Ainda assim, nota, "havia um ar do tempo que as pessoas, mesmo sem quase nenhum acesso a informação vinda de fora, apanhavam. Não se notava, naquelas pessoas que faziam parte do grupo do Bairro Alto, uma grande diferença estética em relação às que eu via em Londres e nas outras cidades cosmopolitas que visitava." À distância, Helena vê no Frágil e no Bairro Alto, onde se sentia como "tendo passado uma fronteira, porque ali, ao contrário do que se passava no resto da cidade, ninguém nos julgava, ninguém mandava bocas -- havia um pacto entre aquela população de uma classe social baixa, num bairro considerado "arriscado", "marginal", e nós --", um refúgio do paroquialismo, "algo de filosoficamente muito claro, a recusa de todas as tradições." Que implicava também, reconhece, "uma enorme arrogância, e um sentimento de superioridade, o de que nós é que éramos a vanguarda, nós é que sabíamos." Respira fundo. "Tínhamos a noção de que estávamos a fazer uma rutura."
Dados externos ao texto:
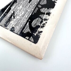 Tile looks good but has some small chips and discoloration, cork backing has a divit which of course does not compromise the piece. Please see all the pictures for more details.
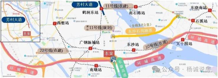 距离项目约700米,目前后通段土建工程累计完成92%,4座车站均已封顶并开展机电施工。开通后3站速达广州南站,5站直达番禺广场,进一步增强南向联通能力。

Difícil avaliar o extraordinário disso no país de hoje, no Bairro Alto de hoje, na noite massificada de centenas de bares e milhares de pessoas e na pulsão de uniformidade que se revela aos olhos de Helena quando diz às netas "vocês querem vestir-se todos de igual, nós queríamos ser o mais diferente possível." Mas talvez aquilo que Leonaldo de Almeida, o Nanau que começou a pôr música na abertura do Frágil e continua hoje no Lux, aos 60 anos, vê como "andar tudo de uniforme" seja apenas a descontração de poder ser (com maiúsculas) sem ter de o proclamar, sem ter de abrir caminho arrostando raiva e agressões sortidas. "Naquela altura não existia a banalidade, era tudo especial. Mas não era fácil", conclui Nanau. E não terá sido essa a grande conquista, que agora seja?